About the Event: The dramatic scenes the world witnessed during the fall of Kabul in 2021 following the withdrawal of US and allied forces from Afghanistan nearly coincided with the twentieth anniversary of the 9/11 attacks by Al Qaeda and the subsequent US and allied invasion of Afghanistan. The United States committed trillions of dollars, dispatched soldiers, diplomats and spies across the globe, and made dramatic alterations to domestic and international law to combat terrorism. The material, humanitarian and normative consequences of two decades of war have been significant, both globally and in Afghanistan specifically. In this panel, Dr. Felter, Dr. Mir and Professor Zegart will assess U.S. responses during the global war on terror, identify unexpected outcomes and lessons learned, and ultimately weigh the costs and benefits of this two-decade struggle against terrorism.
About the Speakers:
Joe Felter is a William J. Perry Fellow at the Center for International Security and Cooperation and research fellow at the Hoover Institution.

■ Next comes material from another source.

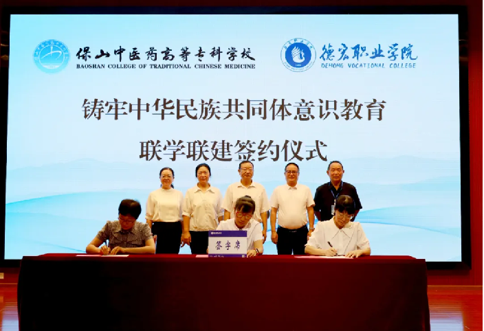 德宏职业学院党委书记梅学能在致辞中强调,要深刻领会学校铸牢中华民族共同体意识教育的重要意义,以开展铸牢中华民族共同体意识教育联学联建活动为契机,充分发挥各自学校优势和特点,广泛交流、整合资源、搭建平台、深度合作,以培养爱党爱国德技并修人才为己任,以兴边稳边固边为责任担当,将铸牢中华民族共同体意识融入办学治校、教书育人全过程,有效深化学校铸牢中华民族共同体教育。
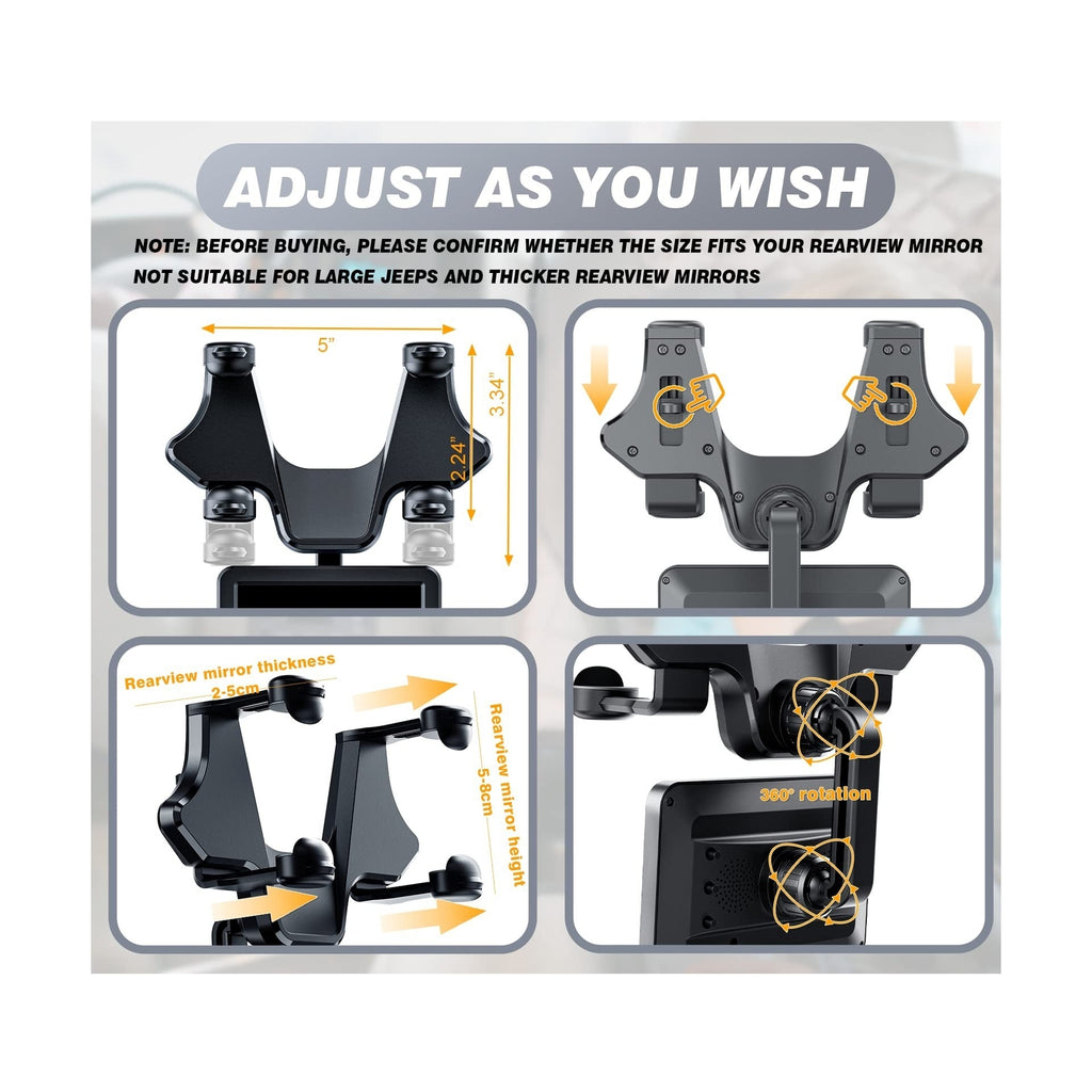 - Mounting Type: Sturdy headrest mount and under-mirror bracket

From 2017 to 2019, Felter served as US deputy assistant secretary of defense for South Asia, Southeast Asia, and Oceania. There he was the principal advisor for all policy matters pertaining to development and implementation of defense strategies and plans in the region and responsible for managing bilateral security relationships and guiding Department of Defense (DoD) engagement with multilateral institutions.
Asfandyar Mir is a senior expert in the Asia Center at USIP. Previously, heheld various fellowships at the Center for International Security and Cooperation at Stanford University. His research interests include the international relations of South Asia, U.S. counterterrorism policy and political violence — with a regional focus on Afghanistan and Pakistan. Asfandyar Mir’s research has appeared in peer-reviewed journals, such as International Security, International Studies Quarterly and Security Studies. He received his doctorate in political science from the University of Chicago and a master’s and bachelor’s from Stanford University.
Amy Zegart is the Morris Arnold and Nona Jean Cox Senior Fellow at the Hoover Institution and Professor of Political Science (by courtesy) at Stanford University. She is also a Senior Fellow at Stanford’s Freeman Spogli Institute for International Studies, Chair of Stanford’s Artificial Intelligence and International Security Steering Committee, and a contributing writer at The Atlantic. She specializes in U.S. intelligence, emerging technologies and national security, grand strategy, and global political risk management.